Rydberg atomic systems are ideal systems for studying these concerns. Various different coherent superpositions of atomic Rydberg states have been created through the application of short pulses and external fields (see [8]). The modification of the coherent superposition state has also been demonstrated [9]. In fact, the measurement of the coherent superposition state by a coherent probe pulse modifies the superposition. However, such a direct manipulation depends strongly upon the coherence between the pump and probe pulses. Here, we offer an alternative means of modifying the coherence stored in a wave packet via the application of an independent laser source. This experiment manipulates the coherent superposition associated with an electronic Rydberg wave packet in atomic calcium (a two-electron system) by the application of a resonant optical field to the other valence electron. The entanglement or correlations between these two electrons is the physical origin of the modification.
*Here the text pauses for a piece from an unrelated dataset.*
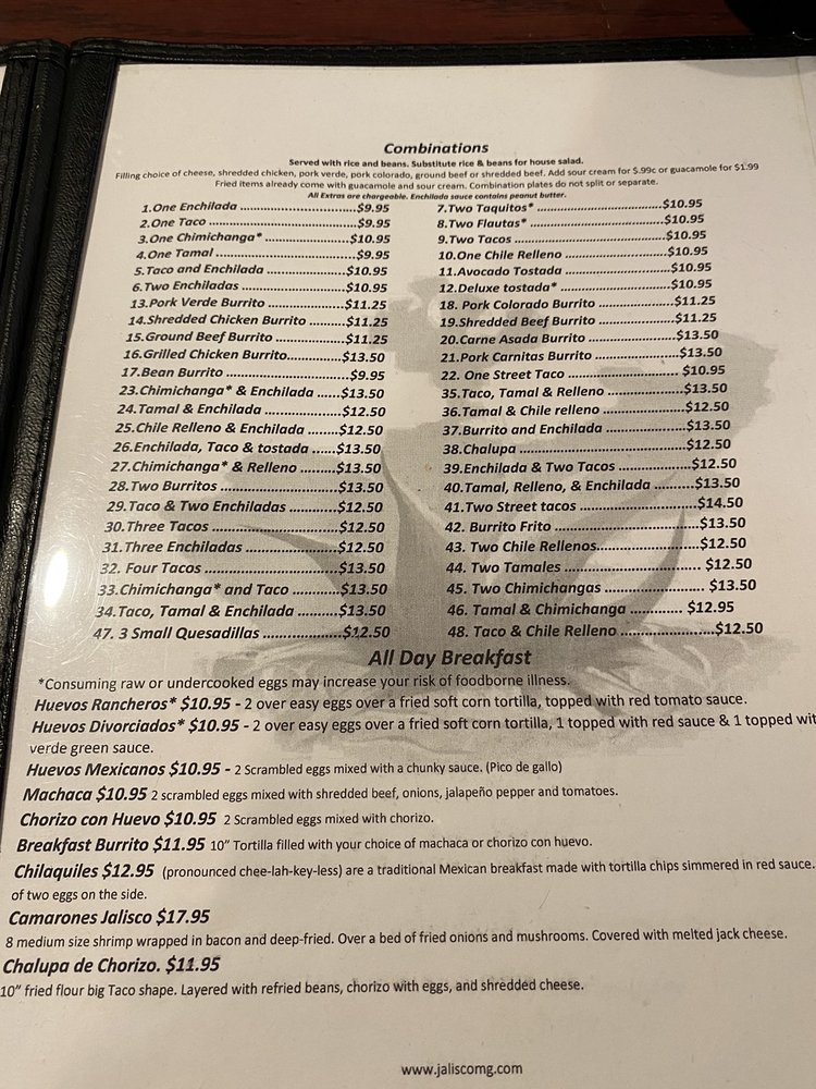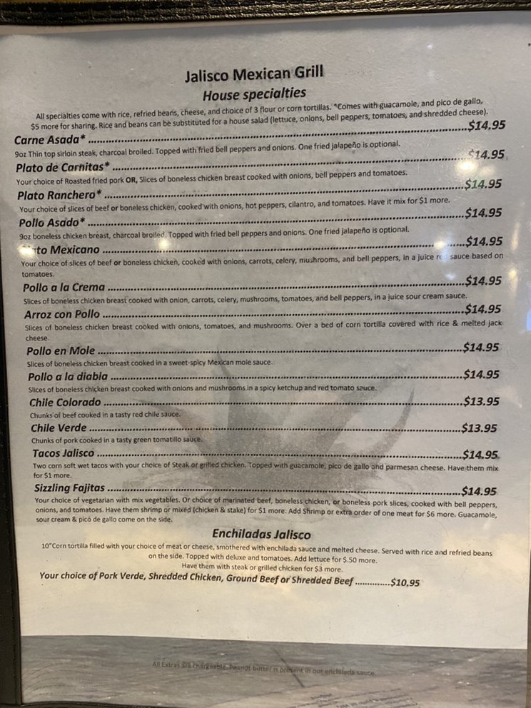 Seafood lovers can savor the Camarones a la Crema, delivering succulent shrimp in a luscious sour cream sauce. With large portions and sizzling flavors, every dish promises to satisfy your hunger. The welcoming atmosphere, combined with attentive service, makes Jalisco a spot for everyone—families, groups, or a casual dining experience. Expect a full bar, outdoor seating, and happy hour specials, ensuring your visit is enjoyable. Dive into the vibrant taste of Mexico without the fancy frills—it’s the authenticity that shines through at Jalisco Mexican Grill.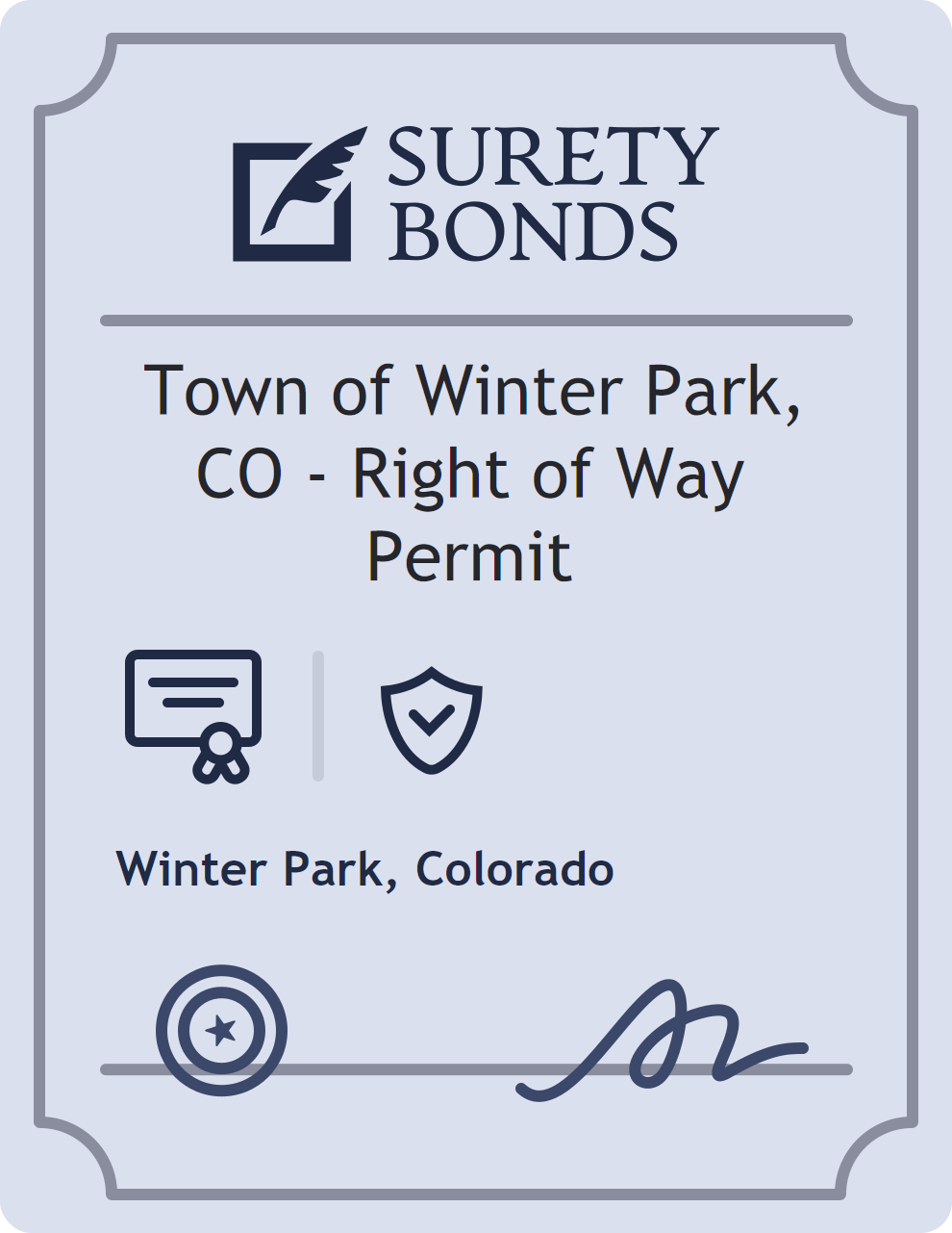 The Town of Winter Park, CO – Right of Way Permit is classified as a Professional License Bonds with a $10,000 obligation in Colorado. Professional License Bonds are surety bonds required for licensed professionals across various industries. They guarantee compliance with licensing laws and ethical standards, protecting clients and regulatory bodies from harm. The surety reviews financial strength, compliance history, and indemnity support before approving the obligation. Maintaining uninterrupted coverage for the entire 1 Year term is essential; lapses can trigger penalties, contract defaults, or license suspension in Colorado. Underwriters typically request financial statements, references, and proof of licensing before quoting terms so they can evaluate repayment capacity. Throughout the bond term, the principal must maintain accurate books, respond to regulator inquiries, and remediate any complaints to prevent a claim. Many authorities in Colorado also require renewal certificates 30 to 60 days in advance, and failure to provide proof can halt permitting or bid submissions. The $10,000 limit demonstrates to customers, partners, and oversight agencies that the bonded party maintains a reliable, surety-backed source of funds dedicated to ongoing compliance. The obligee for this bond is Winter Park.

In this experiment, one of the valence electrons of the calcium atom is excited by a short optical pulse to a superposition of highly excited states (or Rydberg states). This coherent superposition contains states with a range of principal quantum numbers (n) and is commonly known as a radially localized wave packet [10, 11, 12]. For such a wavepacket the electronic probability density oscillates with the classical period, τ_cl=2πn̄ ³, from the inner turning point to the outer turning point of the classical orbit, where n̄ is the average n of the superposition of Rydberg states. This pulsed excitation takes place in the presence of a strong cw optical field that is tuned near the resonance between the ground state and a low-lying excited state of singly ionized calcium, Ca⁺. Until the pulsed excitation takes place this cw field is far from any resonance in the atom. Once the radial wave packet is excited the states of the remaining valence electron are much like the states of Ca⁺ so that this type of excitation is described as an isolated core excitation [13]. The cw field or core laser field is then in resonance with the ground state to excited state transition of this core valence electron. This core electron undergoes Rabi oscillations between this ground and excited state. The coherent superposition state may be modified by varying the ratio of the frequency of the Rabi oscillations, Ω, to the frequency of the classical oscillations, ω_cl, of the wave packet. This ratio, κ=Ω/ω_cl, affects the overlap of the two electrons or the magnitude of the correlation between them over a given period of time.

Wavepackets in two-electron systems have become a subject of great current interest. There have been many theoretical papers discussing the shaping of wave packets via a strong core laser field [14, 15, 16, 17, 18, 19, 20, 21, 22]. Recent experiments investigating Rydberg wave packets in two-electron systems have explored quantum measurement possibilities [23], the effect of the core configuration on their evolution [24], the effect of the presence of a perturber state on their behavior[25], and the evolution of two-electron wave packets [26, 27]. The theoretical work has also predicted that it is possible to form a nondecaying wavepacket [18, 22]. Such a wave packet has been recently observed [28] in a calcium atomic system.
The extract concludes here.